Fault Tolerance and Recovery

MTConnect® does not provide a guaranteed delivery mechanism. The protocol places the responsibility for recovery on the application.

//we could elaborate on this more

Application Failure

The application failure scenario is easy to manage if the application persists the next sequence number after it processes each response. The MTConnect® protocol provides a simple recovery strategy that only involves reissuing the previous request with the recovered next sequence number.

There is the risk of missing some Events, Samples, and Condition if the time between requests exceeds the capacity of the Agent’s buffer. In this case, there is no record of the missing information and it is lost. If the application automatically restarts after failure, the intervening data can be quickly recovered. If this cannot be done, the current state of the device can be retrieved and the application can continue from that point onward. See Figure 1.

Figure 1: Application Failure and Recovery

Agent Failure

Agent failure is the more complex scenario and requires the use of the instanceId. The instanceId was created to facilitate recovery when the Agent fails and the application is unaware. Since HTTP is a connectionless protocol, there is no way for the application to easily detect that the Agent has restarted, the buffer has been lost, and the sequence number has been reset to 1. It should also be noted that all values will be reinitialized to UNAVAILABLE upon Agent restart except for data items that are constrained to single values. See Unavailability of Data for a full explanation.

In Figure 2, the instanceId is increased from 1 to 2 indicating that there was a discontinuity in the sequence numbers and all values for the data items are reset to UNAVAILABLE. When the application detects the change in instanceId, it MUST reset its next sequence number and retry its request from sequence number 1. The next request will retrieve all data starting from the first available event or sample.

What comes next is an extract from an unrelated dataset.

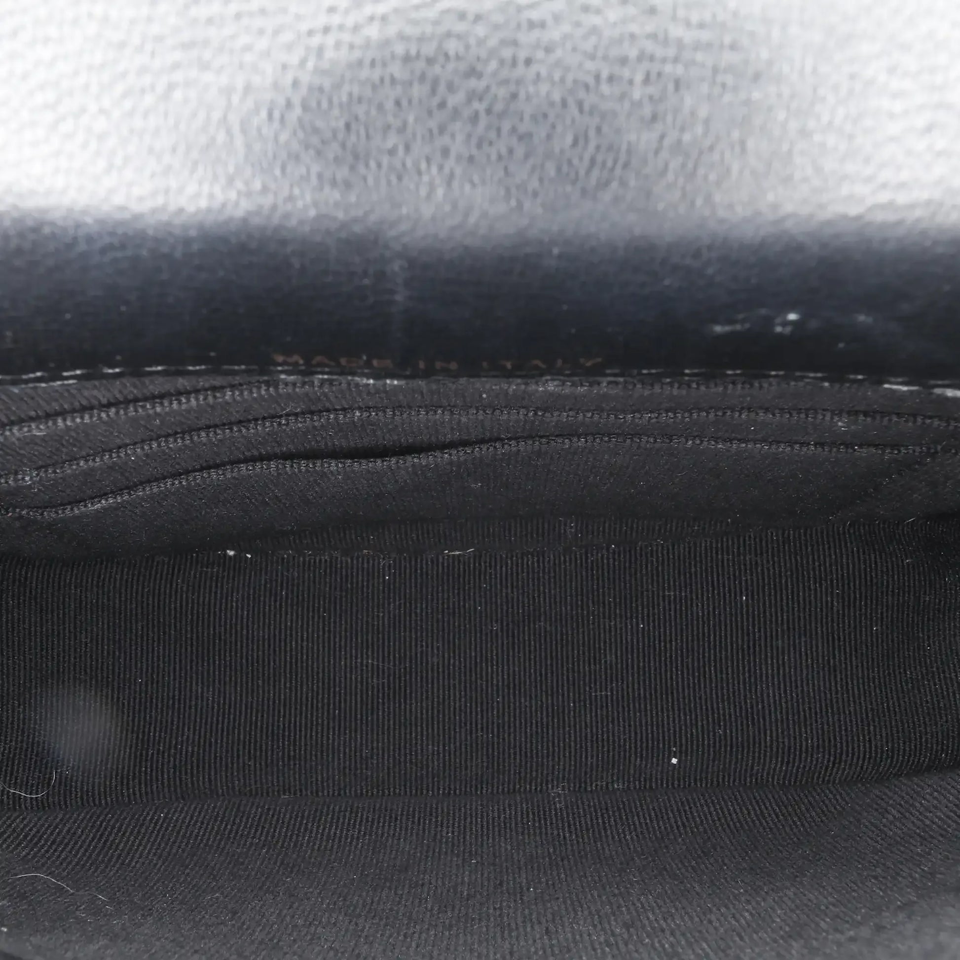 | Description | This crossbody bag features a calf leather body, a leather woven chain link strap, a front flap with snap button closure, an exterior back slip pocket, and an interior slip pocket. | ||||||||||||

Figure 2: Agent Failure and Recovery

Data Persistence and Recovery

The implementer of the Agent can decide on the strategy regarding the storage of Events, Condition, and Samples. In the simplest form, the Agent can persist no data and hold all the results in volatile memory. If the Agent has a method of persisting the data fast enough and has sufficient storage, it MAY save as much or as little data as is practical in a recoverable storage system.

If the Agent can recover data and sequence numbers from a storage system, it MUST NOT change the instanceId when it restarts. This will indicate to the application that it need not reset the next sequence number when it requests the next set of data from the Agent.

If the Agent persists no data, then it MUST change the instanceId to a different value when it restarts. This will ensure that every application receiving information from the Agent will know to reset the next sequence number.

The instanceId can be any unique number that will be guaranteed to change every time the Agent restarts. If the Agent will take longer than one second to start, the UNIX time (seconds since January 1, 1970) MAY be used for identification an instance of the MTConnect® Agent in the instanceId.